SearchPilot enables SEO A/B testing on large and enterprise websites. For people just starting out experimenting with SEO testing, you might want to be able to play with more basic mathematical approaches. Before we moved to a neural network model we used an approach based on a modified version of causal impact. We have a free version of a DIY tool that uses the causal impact approach that you can play with yourself using your own data. If you want, you can jump to get the tool here. This post will walk you through how to use it, but before we do that, let’s jump back a step:

What is an SEO split test?
An SEO split test is where you make a change to your website on a subset of particular page template to see how those pages perform differently to the other half.
For example, you might change the title tags on 50% of your product pages and see how they perform compared to the other half.
This is different from a CRO split test, where you show users different versions of the SAME page.
Time for some quick definitions
- Variant - This is the set of pages with the change. In our example the altered title tag.
- Control - This is the set of pages where we made no change.
What do you need to use this tool
You’ll need to have run (or be running) an SEO split test (see ‘How does A/B testing for SEO work?’ in this post for help). You’ll need to have separated your pages into two groups, made a change to a percentage of them and then downloaded the total organic traffic to each of the two buckets.
(One way to do this with GA is sending a hit level custom dimension which contains “control” or “variant” and then measuring organic entrances, or you could also do this, by downloading the data for each of the individual pages and then matching them to your control and variant buckets.)
Specifically what you need is:
- Total organic entrances (or sessions) day by day for the sum of your control set of pages.
- Total organic entrances (or sessions) day by day for the sum of your variant set of pages.

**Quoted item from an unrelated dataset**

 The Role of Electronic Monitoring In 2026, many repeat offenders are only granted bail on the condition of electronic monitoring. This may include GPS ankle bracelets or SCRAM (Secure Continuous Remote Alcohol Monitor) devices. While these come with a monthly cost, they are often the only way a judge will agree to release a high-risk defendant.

For both of these groups, you’ll need 100 days of this data before the test begins, plus however many days your test has been running for.

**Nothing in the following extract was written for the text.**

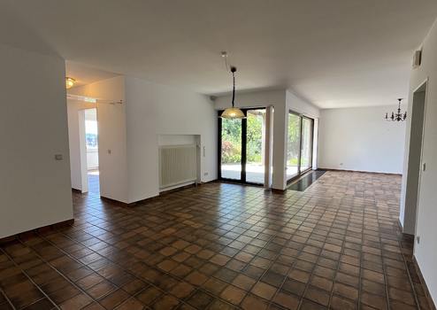 Fangen wir im Erdgeschoss an: Durch den Eingangsflur gelangen Sie in das Gäste-WC, in das Dachgeschoss und in den Wohnbereich. Hier befindet sich auch direkt das 1. Highlight der Immobilie: der ca. 52 m² große und lichtdurchflutete Wohn-/Essbereich mit Zugang zur überdachten Terrasse mit wunderschönem Weitblick und Blick in den Garten - Hier lässt es sich aushalten. Vom Wohn-/Essbereich gelangen Sie ebenfalls in die bereits entkernte Küche, in den Keller und in einem Zwischenflur. Vom Zwischenflur wiederum gelangen Sie in das Ankleidezimmer mit Zugang zum geräumigen Badezimmer mit Dusche und Wanne und in das Schlafzimmer mit Klimaanlage. Ein Büro/Gästezimmer mit Panoramablick rundet das Platzangebot im Erdgeschoss ideal ab.

So if your test has been running for 14 days, you would need 114 days data.
Why 100 days of historic data? In short, this is what allows the maths behind this to work correctly.
Want to see an example data set? Here’s one we’ve put together in a Google sheet. You can then enter this data in the tool.
How do you use it?
You enter the control and variant data into the boxes in the tool, choose the start date for your test and click run.

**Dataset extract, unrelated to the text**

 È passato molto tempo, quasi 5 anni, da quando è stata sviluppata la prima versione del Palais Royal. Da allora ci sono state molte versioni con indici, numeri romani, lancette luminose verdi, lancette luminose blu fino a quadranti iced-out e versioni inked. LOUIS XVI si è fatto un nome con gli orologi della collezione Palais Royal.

(The tool knows your test begins 100 days in, so the start date input is purely to set the axis correctly. )
The tool will then plot your variant against the control using the Causal impact model, the start date will be highlighted on the graph and you can see how they perform relative to each other.
If the red line is positive, your change was good. If the blue line is higher then your change was bad.
You can also download the data in a CSV to calculate how much better they perform.
How does this work?
We’re about to enter the wonderful world of maths, so brace yourselves.
This tool uses Google Causal Impact model (you can find the academic paper here, there isn’t much written on this if you’re not maths inclined although I think this post was better than some of the others).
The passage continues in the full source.